[Stored data]
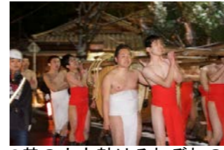
3基の大太鼓はそれぞれの行く先で町中の厄を大太鼓に封じ込めていきます。
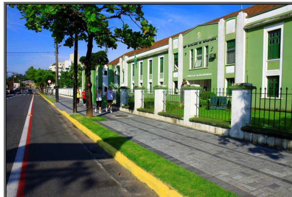
Figura 14 – Rua Ottokar Doerfel – 62º Batalhão de Infantaria
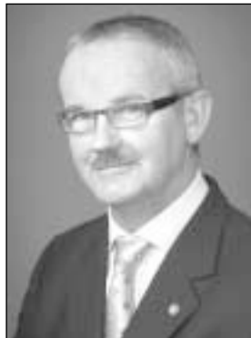
Rotarietis nuo 1999 m. Aarup RK narys
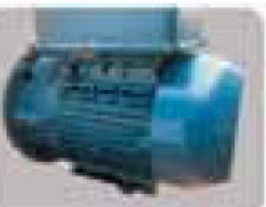
WEG Elektrik Motoru

Planet dişli sistemi yüksek hassasiyet ve yüksek tork ile sorunsuz çalışma ve düşük gürültü seviyesine sahiptir.
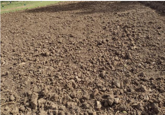
Preparación del campo experimental
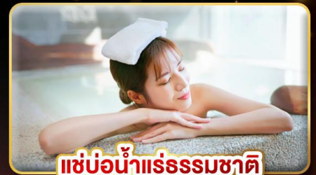
แช่น้ำแร่ธรรมชาติ
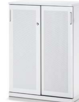
ARMOIRE À PORTE COULISSANTE AVEC FAÇADE ACOUSTIQUE SCHUIFDEURKAST MET AKOESTISCH FRONT
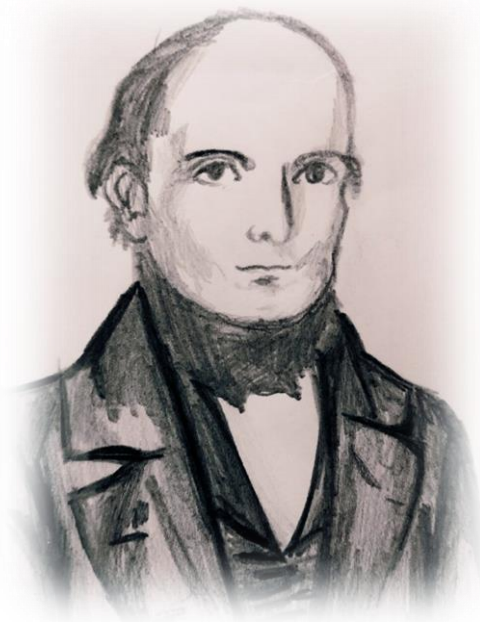
Ritratto di Adolf Andersenn

Al torneo parteciparono i giocatori europei più forti, britannici, tedeschi, francesi, ungheresi e russi entusiasti anche per il montepremi che si riuscì a mettere a disposizione di 500 sterline. Presidente del Torneo fu il Duca di Marlborough che assieme a Staunton e altri colleghi, aveva anche l'ambizione di istituire il "Parlamento degli scacchi" che avrebbe dovuto regolamentarne il gioco, standardizzandolo.
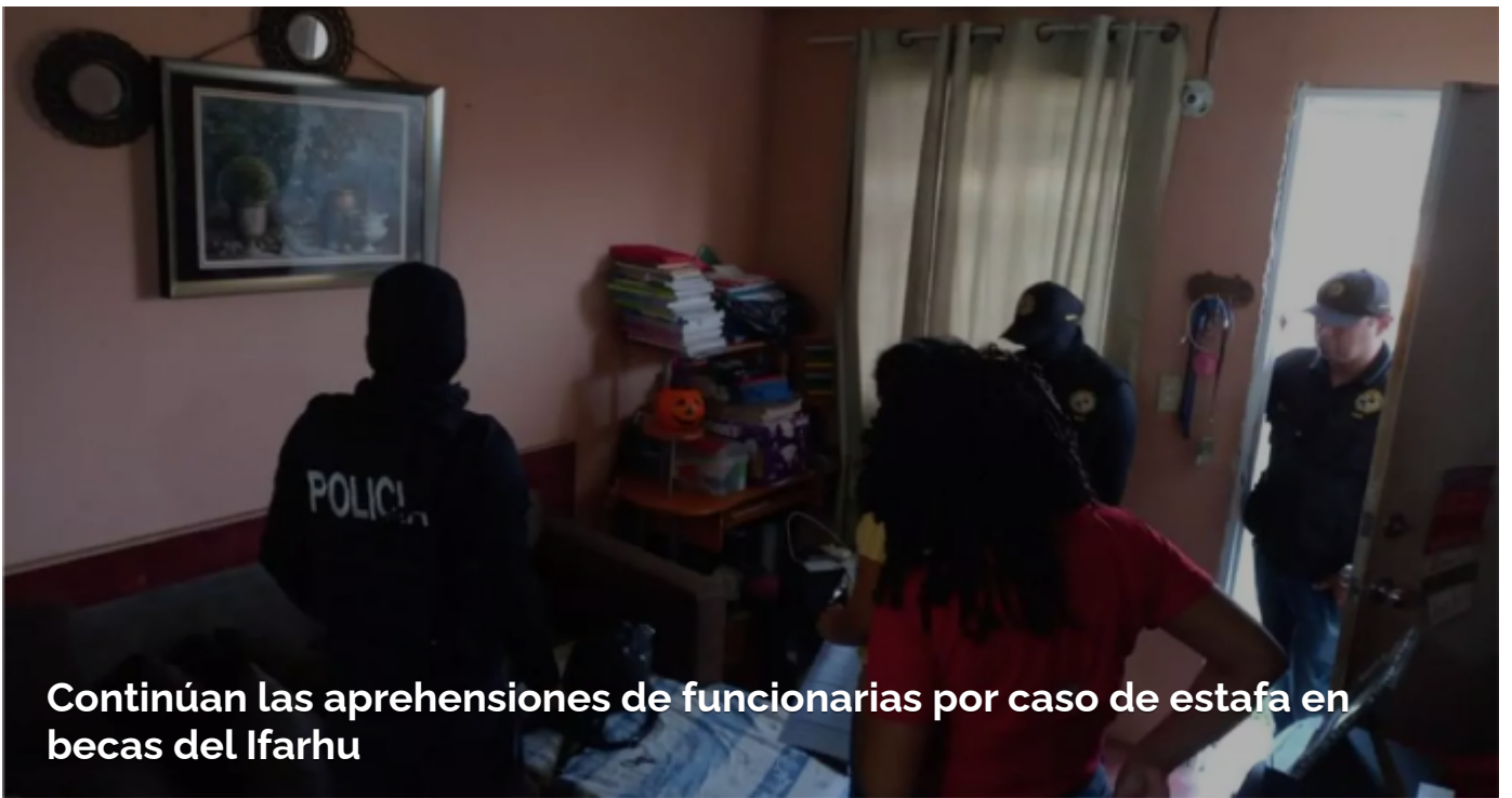
Continúan las aprehensiones de funcionarias por caso de estafa en becas del Ifarhu
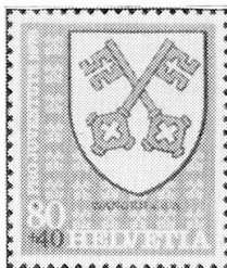
Wangen a. d. A. (BE)
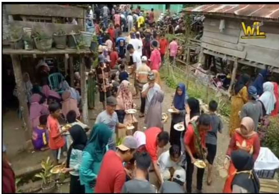
Gambar 9. Makan Bersama
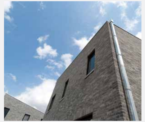
« Les innovations se manifestent parfois aussi dans les applications que l'on offre à certains produits. Ainsi, nos pavés ont été utilisés comme pierres de parement dans le projet anversois Regatta. »

Stradus Infra offre non seulement des produits de grande qualité pour créer des environnements inspirants, mais entend aussi transmettre un sentiment de responsabilisation sociétale et environnementale en termes de durabilité. « Preuve en est nos investissements dans les éoliennes et nos
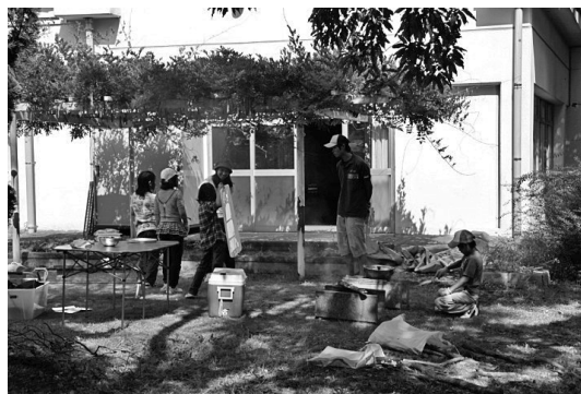
写真4 野外調理場面（隣接する公園に落ちている枯れ木を薪として利用する）
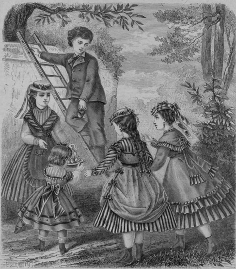
1. Нарядъ дѣвочки отъ 4-8 лѣтъ. 2. Нарядъ дѣвочки отъ 9-12 лѣтъ. 3. Нарядъ мальчика отъ 4-8 лѣтъ. 4. Нарядъ мальчика отъ 9-12 лѣтъ. 5. Нарядъ дѣвочки отъ 13-15 лѣтъ. 6. Нарядъ мальчика отъ 13-15 лѣтъ.

Наша модель в 37 цент. длины и 34 цент. ширины весьма красиво выдвигается на цветной флажке.
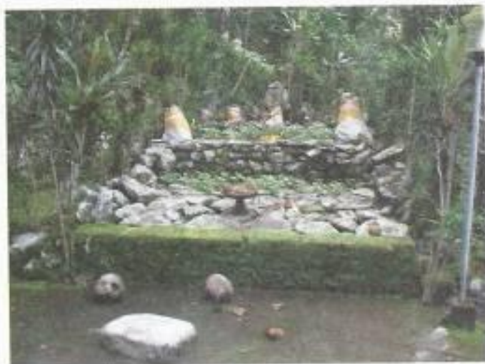
Foto 7. Teras berundak di dalam pura merupakan sarana pemujaan untuk memohon kesuburan tanaman

sebagian dari bangunan-bangunan yang berupa tinggalan arkeologi itu masih tetap digunakan untuk pemujaan bagi masyarakat dalam usaha memohon kesuburan tanaman. Karena fungsinya berhubungan dengan kesuburan tanaman maka tidak mengherankan apabila sarana-sarana pemujaan tersebut ditemukan di sawah, di ladang, kebun dan lain-lain.
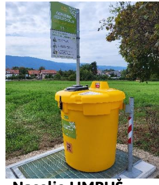
Naselje LIMBUŠ bližina Ob Blažovnici 56a
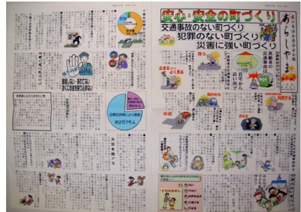
まちづくりニュース

■ What you should do ■
From the line with "Foto 7. Teras" to the final line of the records, inclusive, set down the lines exactly and add nothing; leave every picture out.

■ Task output ■
Foto 7. Teras berundak di dalam pura merupakan sarana pemujaan untuk memohon kesuburan tanaman

sebagian dari bangunan-bangunan yang berupa tinggalan arkeologi itu masih tetap digunakan untuk pemujaan bagi masyarakat dalam usaha memohon kesuburan tanaman. Karena fungsinya berhubungan dengan kesuburan tanaman maka tidak mengherankan apabila sarana-sarana pemujaan tersebut ditemukan di sawah, di ladang, kebun dan lain-lain.
Naselje LIMBUŠ bližina Ob Blažovnici 56a
まちづくりニュース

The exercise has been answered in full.